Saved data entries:
"""

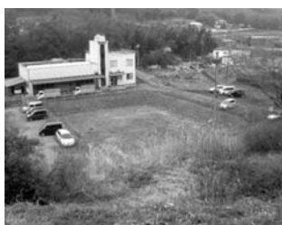
現在の学校給食センターと建設用地 (プロパンガスタンク跡)

問 県にも確認したが、それで問題ないということ。指導員も増やす方向で考えている。 問 企業誘致奨励金はどういう目的か。 答 町の企業誘致推進室が誘致した企業に対して3000万円が6年間、省エネの関係は1年間500万円。平成27年度は3500万円、それ以降3000万円が奨励交付金として交付するよう予算化されている。 問 橋梁定期点検業務委託料、どんな橋をどんなふうに点検するのか。 答 25の橋の点検をするため計上している。橋梁について、5年に1回は何らかの点検をすることが規則で定められた。 問 点検業務の内容は。 答 基本的に目視と、そばに行つて傷んでいないかなどを点検する。 問 目視・点検で、25橋で1000万円は高いように思うがどのように見積もりをとったのか。 答 橋梁の点検専門コンサル等に見積もりをとつ
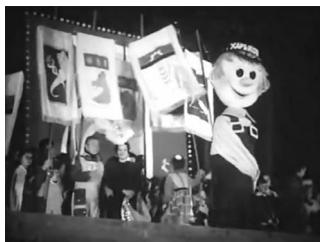
Кадри документального фільму «День відкритих сердець» (1988 р.), присвяченого святкуванню першого Дня міста в Харкові.
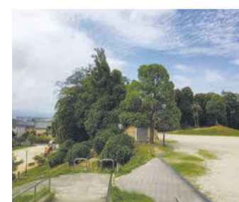
緑豊かな香椎台おいの山公園

大槨は下段の広場の奥にあります。樹齢四千年といわれるこの木は、幹が数本に分かれ、近くで見ると迫力があります。
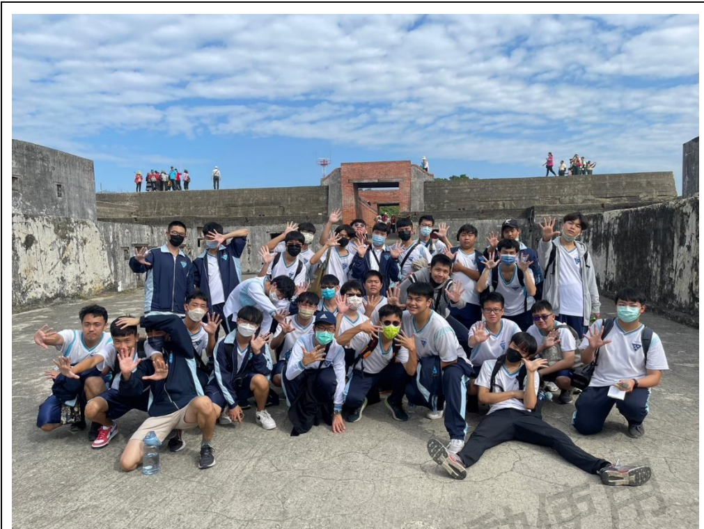
圖十三：全體同學於旗後砲台合照（筆者為前排右一）
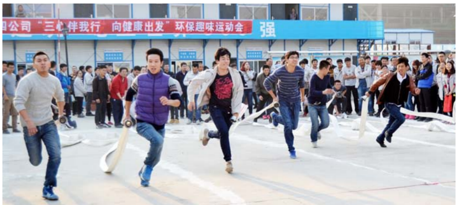
哈尔滨万达茂就地取材办运动会

近日,中建八局大连公司职工艺术团来到哈尔滨滨泰城项目,艺术团精心编排的歌曲、小品、相声等节目赢得了农民工的阵阵喝彩。演出过程中还穿插了农民工安全、法律知识有奖问答。
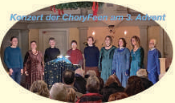
Konzert der ChoryFeen am 3. Advent
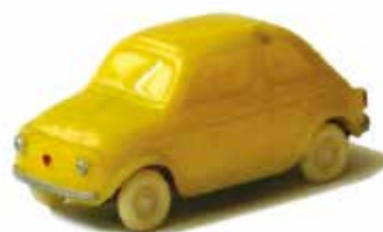
« Nuova 500, Pocher, 1/87 e »

Au rang des petites échelles, citons la 500 F de Minichamps , la Nuova 500 toit ouvrant de IMU , la 500 F de Schuco Piccolo , la 500 F de Busch , la 500 F de Grisoni , la Nuova 500 1957 de Pocher .
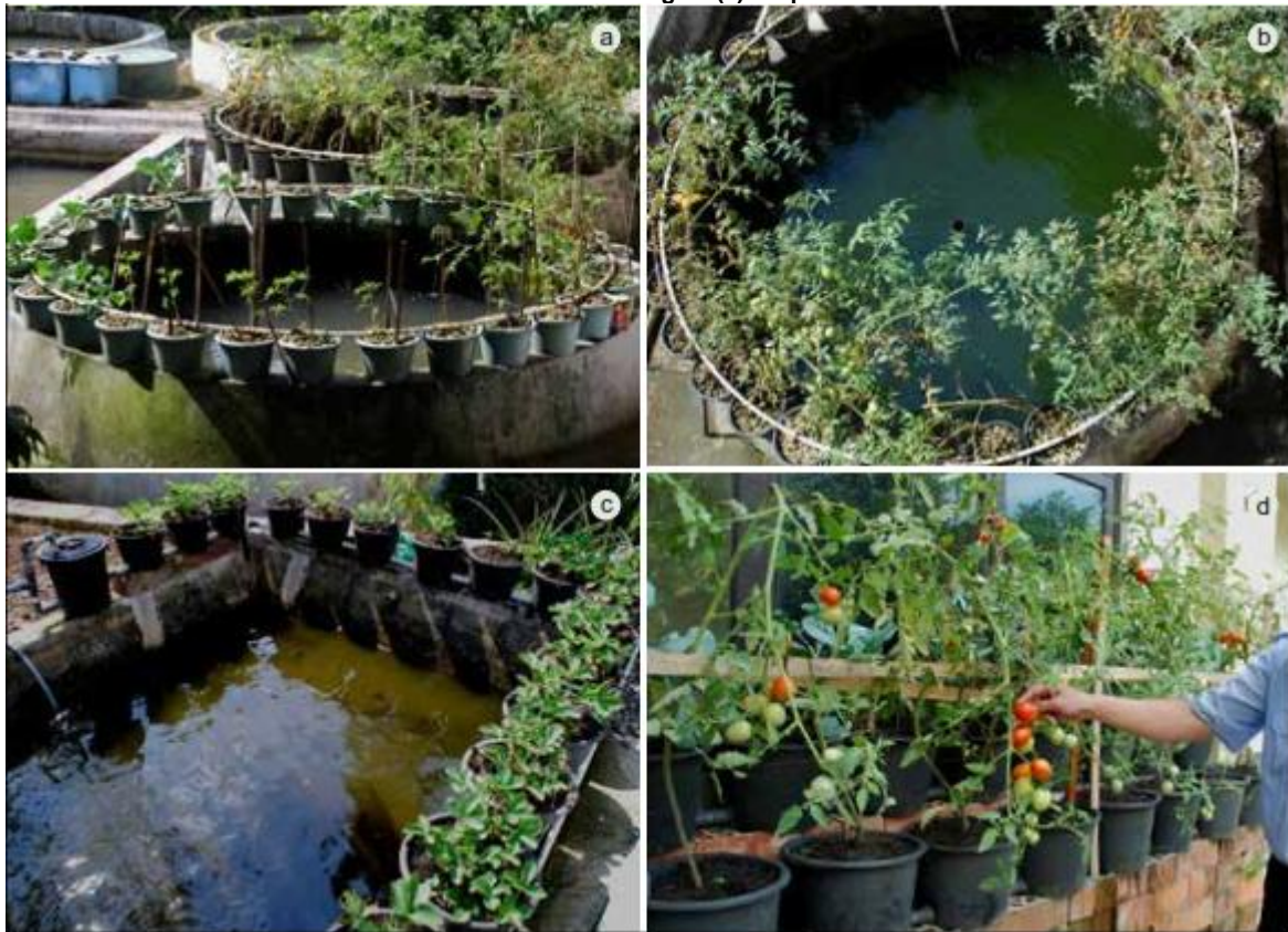
Fig. 9.21 - Sistemi di Bumina in Indonesia con vasca centrale per il pesce in cemento (a, b) circondati da letti di crescita satellitari coltivati a fragole (c) e a pomodori (d)

Bumina e Yumina sono usati come una componente importante di sistemi di autoproduzione di cibo promosso da iniziative per la sicurezza in tutta l'Indonesia volte ad aumentare la produzione domestica di proteine.
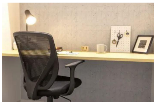
レンタルオフィス イメージ

コワーキングスペース内は、食事や WEB 会議のできるカフェブース、通話・WEB 会議専用のテレフォンブースの他、自分専用席を確保できる固定席（別途契約が必要）など、用途に合わせてブースを選べます。さらに、無料のプリンターやフリードリンクもあるので、1 日中コワーキングスペースに居ても快適に過ごせます。

"""

• [Task details]: All entries above must be duplicated exactly; please omit any picture they hold.

• [Answer to this problem]:
現在の学校給食センターと建設用地 (プロパンガスタンク跡)

問 県にも確認したが、それで問題ないということ。指導員も増やす方向で考えている。 問 企業誘致奨励金はどういう目的か。 答 町の企業誘致推進室が誘致した企業に対して3000万円が6年間、省エネの関係は1年間500万円。平成27年度は3500万円、それ以降3000万円が奨励交付金として交付するよう予算化されている。 問 橋梁定期点検業務委託料、どんな橋をどんなふうに点検するのか。 答 25の橋の点検をするため計上している。橋梁について、5年に1回は何らかの点検をすることが規則で定められた。 問 点検業務の内容は。 答 基本的に目視と、そばに行つて傷んでいないかなどを点検する。 問 目視・点検で、25橋で1000万円は高いように思うがどのように見積もりをとったのか。 答 橋梁の点検専門コンサル等に見積もりをとつ
Кадри документального фільму «День відкритих сердець» (1988 р.), присвяченого святкуванню першого Дня міста в Харкові.
緑豊かな香椎台おいの山公園

大槨は下段の広場の奥にあります。樹齢四千年といわれるこの木は、幹が数本に分かれ、近くで見ると迫力があります。
圖十三：全體同學於旗後砲台合照（筆者為前排右一）
哈尔滨万达茂就地取材办运动会

近日,中建八局大连公司职工艺术团来到哈尔滨滨泰城项目,艺术团精心编排的歌曲、小品、相声等节目赢得了农民工的阵阵喝彩。演出过程中还穿插了农民工安全、法律知识有奖问答。
Konzert der ChoryFeen am 3. Advent
« Nuova 500, Pocher, 1/87 e »

Au rang des petites échelles, citons la 500 F de Minichamps , la Nuova 500 toit ouvrant de IMU , la 500 F de Schuco Piccolo , la 500 F de Busch , la 500 F de Grisoni , la Nuova 500 1957 de Pocher .
Fig. 9.21 - Sistemi di Bumina in Indonesia con vasca centrale per il pesce in cemento (a, b) circondati da letti di crescita satellitari coltivati a fragole (c) e a pomodori (d)

Bumina e Yumina sono usati come una componente importante di sistemi di autoproduzione di cibo promosso da iniziative per la sicurezza in tutta l'Indonesia volte ad aumentare la produzione domestica di proteine.
レンタルオフィス イメージ

コワーキングスペース内は、食事や WEB 会議のできるカフェブース、通話・WEB 会議専用のテレフォンブースの他、自分専用席を確保できる固定席（別途契約が必要）など、用途に合わせてブースを選べます。さらに、無料のプリンターやフリードリンクもあるので、1 日中コワーキングスペースに居ても快適に過ごせます。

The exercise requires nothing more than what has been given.